THE PROBLEM:
Reproduce exactly, from the data that follows, the line with "Как сделать горбушу", the line with "上午,杭州市云居山浙江公安英", and every line that lies between them.

PROVIDED MATERIAL:
════

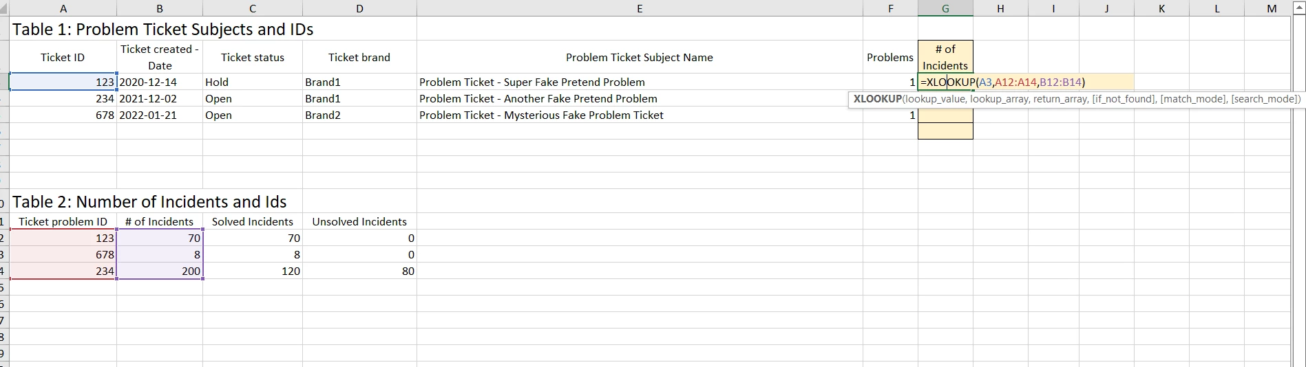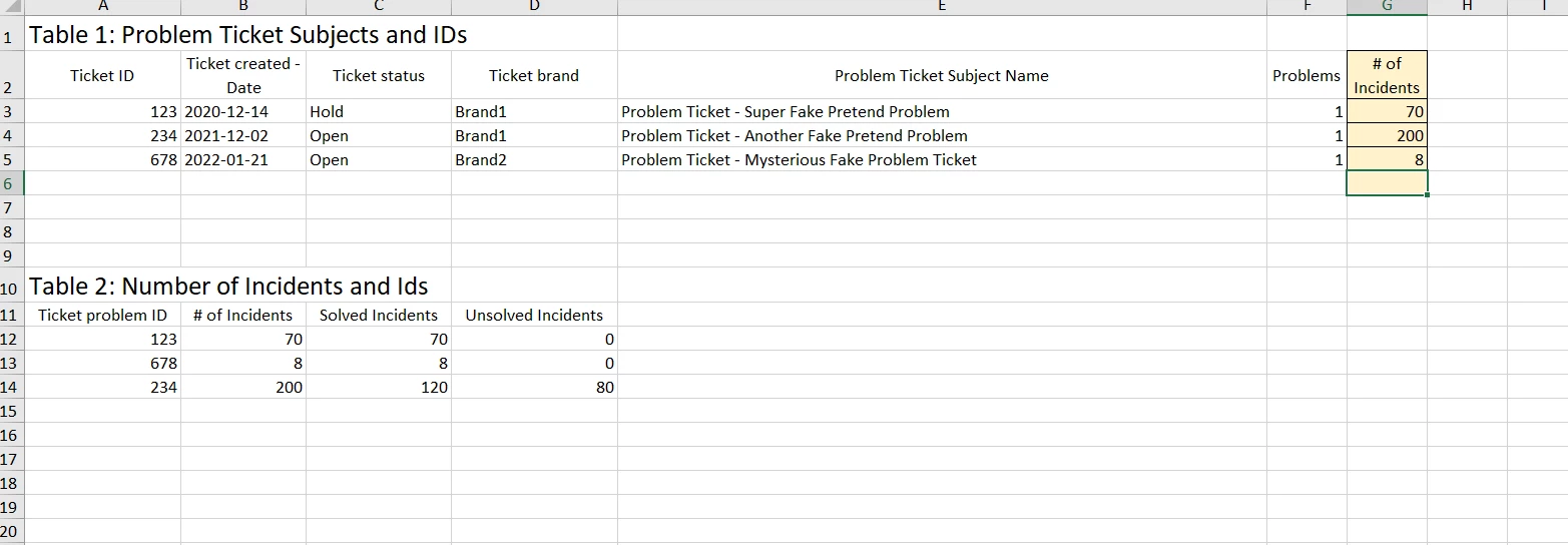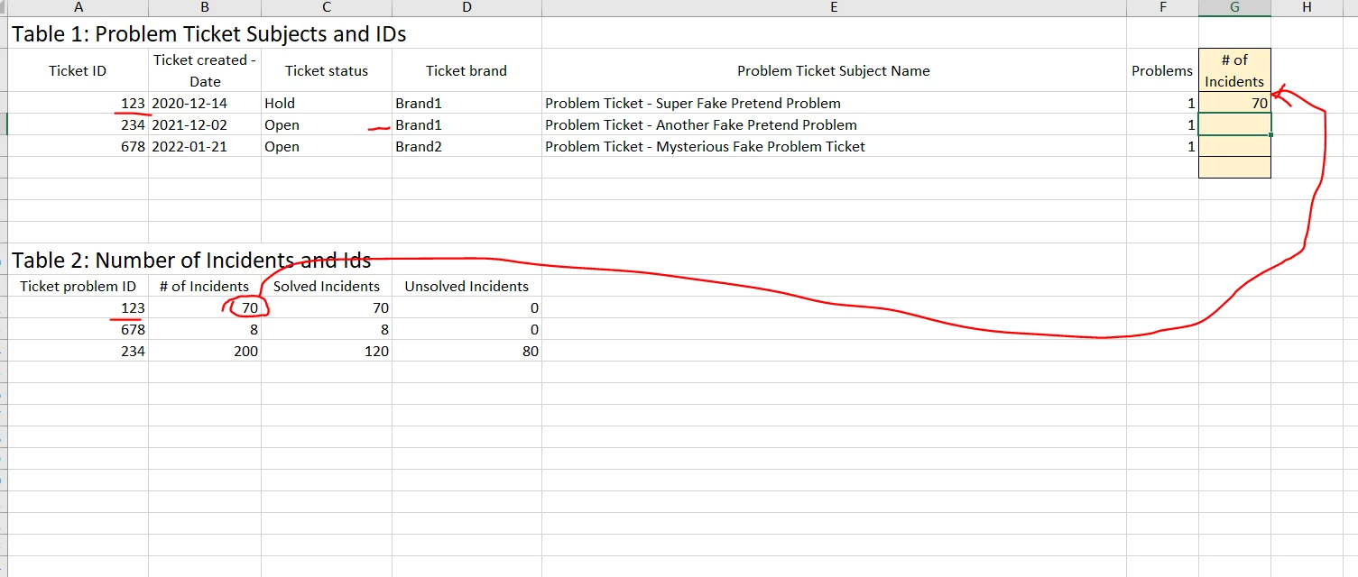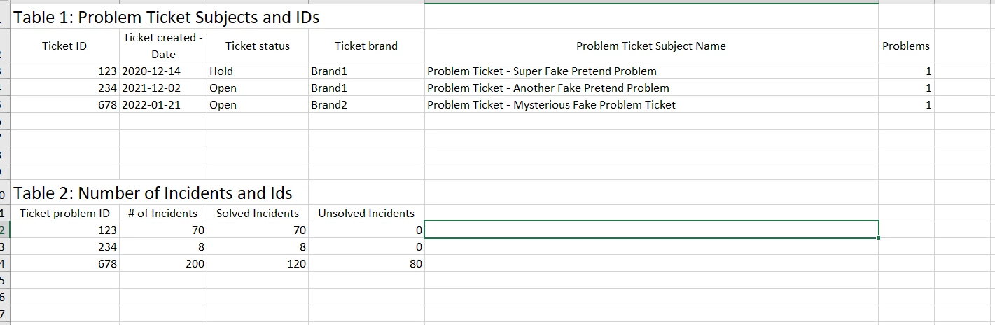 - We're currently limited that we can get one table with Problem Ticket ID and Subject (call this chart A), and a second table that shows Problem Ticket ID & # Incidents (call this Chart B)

════

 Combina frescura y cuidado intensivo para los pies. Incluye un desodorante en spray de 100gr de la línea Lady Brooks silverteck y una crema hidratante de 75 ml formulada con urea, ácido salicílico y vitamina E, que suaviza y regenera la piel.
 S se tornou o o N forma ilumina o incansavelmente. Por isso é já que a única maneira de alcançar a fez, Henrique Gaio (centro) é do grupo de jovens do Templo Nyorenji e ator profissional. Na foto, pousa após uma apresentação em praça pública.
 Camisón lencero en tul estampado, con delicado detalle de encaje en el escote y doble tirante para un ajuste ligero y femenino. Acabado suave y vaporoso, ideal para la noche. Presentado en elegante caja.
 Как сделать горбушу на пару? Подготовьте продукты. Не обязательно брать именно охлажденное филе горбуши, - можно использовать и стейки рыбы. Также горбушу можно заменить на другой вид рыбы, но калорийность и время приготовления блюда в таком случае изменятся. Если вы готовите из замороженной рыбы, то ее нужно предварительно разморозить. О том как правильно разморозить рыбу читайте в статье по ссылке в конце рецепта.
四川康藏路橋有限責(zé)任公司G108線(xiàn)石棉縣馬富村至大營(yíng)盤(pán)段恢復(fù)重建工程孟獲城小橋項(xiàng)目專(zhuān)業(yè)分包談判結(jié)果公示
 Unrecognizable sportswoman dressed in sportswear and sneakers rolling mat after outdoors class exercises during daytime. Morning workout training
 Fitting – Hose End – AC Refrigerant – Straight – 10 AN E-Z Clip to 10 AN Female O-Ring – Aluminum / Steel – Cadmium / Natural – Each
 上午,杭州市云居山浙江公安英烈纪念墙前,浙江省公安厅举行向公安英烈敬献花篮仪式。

════

ANSWER:
 Как сделать горбушу на пару? Подготовьте продукты. Не обязательно брать именно охлажденное филе горбуши, - можно использовать и стейки рыбы. Также горбушу можно заменить на другой вид рыбы, но калорийность и время приготовления блюда в таком случае изменятся. Если вы готовите из замороженной рыбы, то ее нужно предварительно разморозить. О том как правильно разморозить рыбу читайте в статье по ссылке в конце рецепта.
四川康藏路橋有限責(zé)任公司G108線(xiàn)石棉縣馬富村至大營(yíng)盤(pán)段恢復(fù)重建工程孟獲城小橋項(xiàng)目專(zhuān)業(yè)分包談判結(jié)果公示
 Unrecognizable sportswoman dressed in sportswear and sneakers rolling mat after outdoors class exercises during daytime. Morning workout training
 Fitting – Hose End – AC Refrigerant – Straight – 10 AN E-Z Clip to 10 AN Female O-Ring – Aluminum / Steel – Cadmium / Natural – Each
 上午,杭州市云居山浙江公安英烈纪念墙前,浙江省公安厅举行向公安英烈敬献花篮仪式。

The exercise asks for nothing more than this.